» WORK TASK:
Copy the entries word for word. Keep the pictures out.

(Excerpts from a dataset)
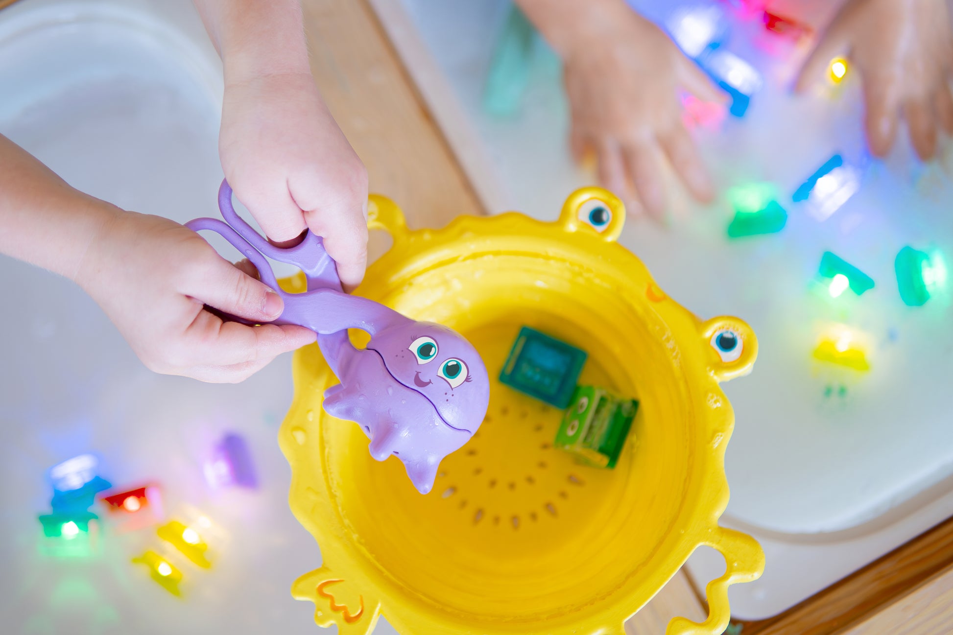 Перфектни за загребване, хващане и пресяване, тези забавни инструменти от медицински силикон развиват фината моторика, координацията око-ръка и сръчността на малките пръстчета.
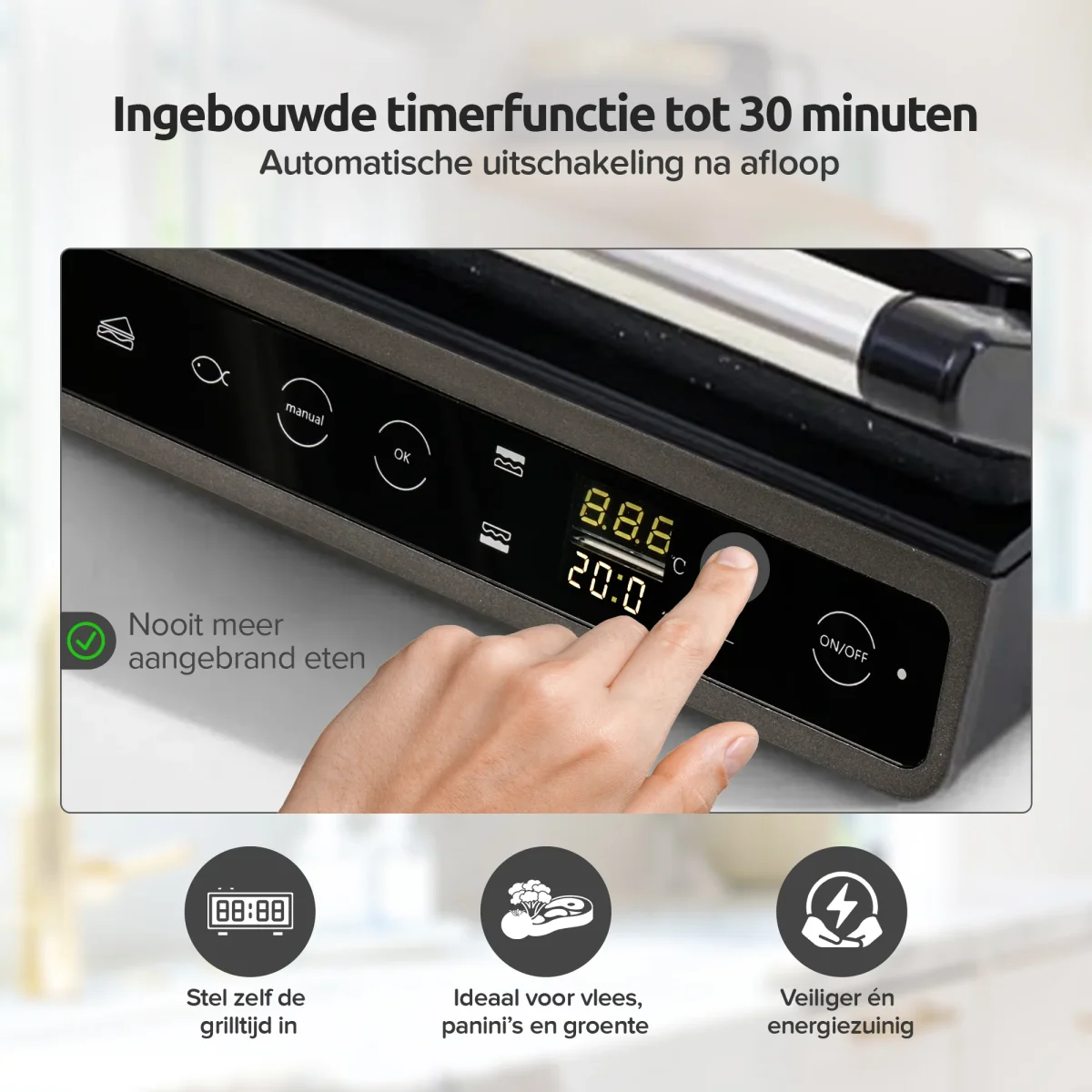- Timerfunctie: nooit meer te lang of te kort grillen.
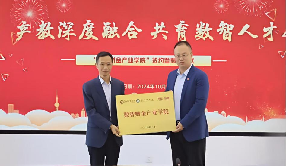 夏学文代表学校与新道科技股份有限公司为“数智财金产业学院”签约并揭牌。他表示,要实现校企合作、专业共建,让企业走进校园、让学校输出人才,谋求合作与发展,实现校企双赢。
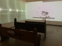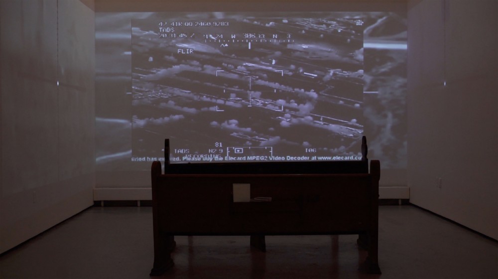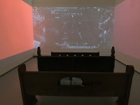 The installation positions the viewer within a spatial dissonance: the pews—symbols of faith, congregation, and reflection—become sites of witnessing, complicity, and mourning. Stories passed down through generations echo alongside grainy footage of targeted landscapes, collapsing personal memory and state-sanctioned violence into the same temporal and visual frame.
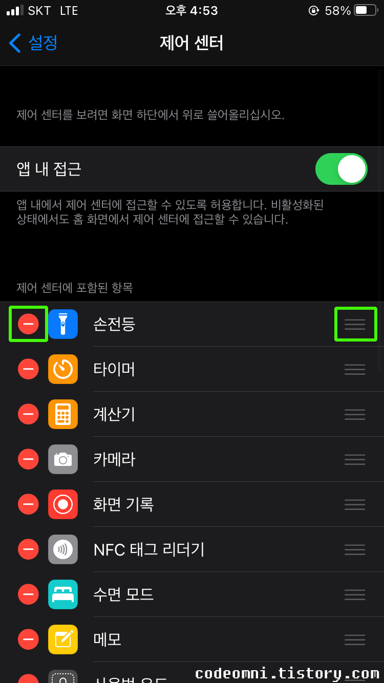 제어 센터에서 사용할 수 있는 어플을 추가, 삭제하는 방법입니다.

» EXERCISE ANSWER:
 Перфектни за загребване, хващане и пресяване, тези забавни инструменти от медицински силикон развиват фината моторика, координацията око-ръка и сръчността на малките пръстчета.
- Timerfunctie: nooit meer te lang of te kort grillen.
 夏学文代表学校与新道科技股份有限公司为“数智财金产业学院”签约并揭牌。他表示,要实现校企合作、专业共建,让企业走进校园、让学校输出人才,谋求合作与发展,实现校企双赢。
 The installation positions the viewer within a spatial dissonance: the pews—symbols of faith, congregation, and reflection—become sites of witnessing, complicity, and mourning. Stories passed down through generations echo alongside grainy footage of targeted landscapes, collapsing personal memory and state-sanctioned violence into the same temporal and visual frame.
 제어 센터에서 사용할 수 있는 어플을 추가, 삭제하는 방법입니다.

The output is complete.